The final gas temperature was controlled at 165° F. throughout the year, with 165° F. chosen primarily to assure that the gas mixture would have sufficient superheat to overcome the Joule-Thompson effect that occurred whenever the HP gas compressor recycle valve opened. Since the recycle went directly to the suction side or intake line of the compressor, the recycled gas had to be superheated to prevent any damage to the compressor. A temperature of 165° F. allows about 32° F. for the Joule-Thompson effect to occur before liquid condensate is formed and drawn into the suction side of the gas compressor during the hottest day of the year.
Operations of the system at temperatures above 130° F. proved to degrade the external pipe wrap tape, shortening the life of the tape wrap and necessitating its more frequent repair or replacement.
After this prior art gathering system was operated for many years, it was determined that the fluid steam in the pipeline system could not be maintained in the single-phase dry gas mode 100% of the time.

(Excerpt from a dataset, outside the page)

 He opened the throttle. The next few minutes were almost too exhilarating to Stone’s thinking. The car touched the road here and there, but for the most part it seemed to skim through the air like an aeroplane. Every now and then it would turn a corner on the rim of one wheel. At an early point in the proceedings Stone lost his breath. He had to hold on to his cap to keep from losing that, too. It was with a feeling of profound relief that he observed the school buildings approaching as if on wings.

Although originally designed for a single-phase dry gas mode of operation, flow regime, pressure and temperature changes caused a consequent condensation or “liquid drop”. The dropped liquid eventually caused corrosion at points in the gas gathering pipeline and repairs were costly.
On the basis of field studies, it was concluded that the gas gathering pipeline network had to operate under various conditions, and 100% single-phase dry gas could not be maintained at all times. The operational mode was changed to two-phase flow from the inlet of the pipeline to the network terminus with addition of a diesel-based corrosion inhibitor in order to protect the pipeline. This was achieved by injecting corrosion inhibitors into the gas streams leaving each GOSP. Diesel oil was injected to saturate the gas stream and change the phase envelope to include the inlet conditions of the stream.

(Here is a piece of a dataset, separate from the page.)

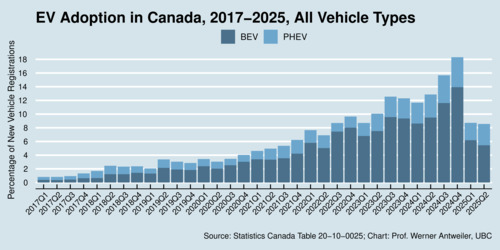 Returning to Canada's EV adoption, the chart below shows a similar drastic reaction as Germany experienced at the beginning of 2024. EV sales were cut in half, with the overall rate dropping from about 18% in the last quarter of 2024 to about 9% in the first quarter of 2025. But as the chart from Germany reveals, there is a ray of hope for a recovery even without subsidies.

Since the exit gas containing the corrosion inhibitor was in two phases, a film containing corrosion inhibitor formed on the internal pipeline surface. This film acts as a medium for the active ingredients. As a result, the active ingredients travel throughout the system and thereby ensure protection of the pipeline in case condensation forms.

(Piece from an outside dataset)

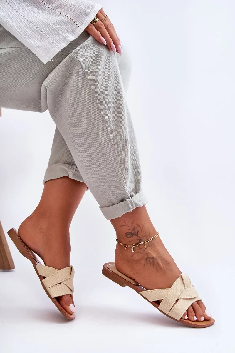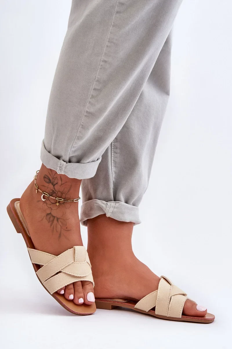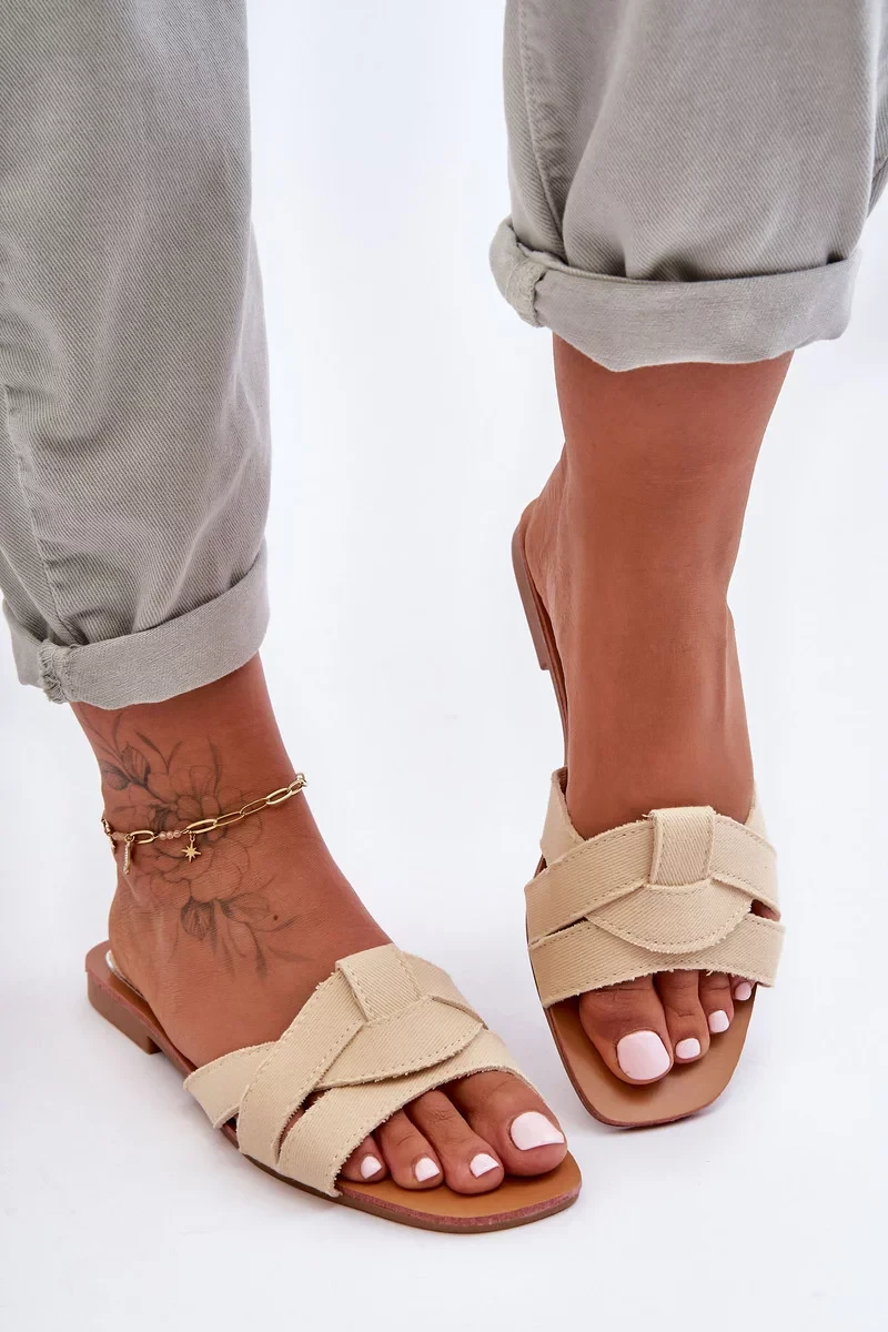 Dámské ploché sandály s gumovou, protiskluzovou podešví budou skvěle fungovat při každodenním nošení. Horní část je vyrobena z textilního materiálu a vložka z kombinace plastu a materiálu. Tento klasický model je charakterizován propletenými pásky. Tento model poskytuje vysokou pohodlnost, i v nejteplejších dnech! Při výběru velikosti se řiďte tabulkou velikostí.

It was also determined that the amount of enhanced corrosion inhibitor required is directly proportional to the temperature of the gas stream. At 165° F. each one million standard cubic feet (“MMSCF”) of gas require about one gallon of the diesel-corrosion inhibitor mixture to become saturated and at 130° F. only 0.5 gallon per MMSCF is required for saturation. See FIG. 1. To assure adequate protection, the prior art recommended that the rate of addition should not be lower than 0.5 gallon per MMSCF of gas.
It has been recognized that reducing chemical usage in general can be beneficial to the environment and can also produce substantial cost savings. It is therefore an object of the present invention to provide an improved method of adding corrosion inhibitor compositions that will be more cost effective and reduce chemical usage, and will also be automatated to reduce human error and labor spent on this task.
It is another specific object of this invention to provide an improved process for controlling the temperature and thereby the amount of corrosion inhibitor composition added to a gas stream for transmission from a GOSP.
A further object of the invention is to provide a process and apparatus for reducing the superheated gas temperature to below 165° F., while effectively saturating the gas with less than 1 gallon per MMSCF of corrosion inhibitor.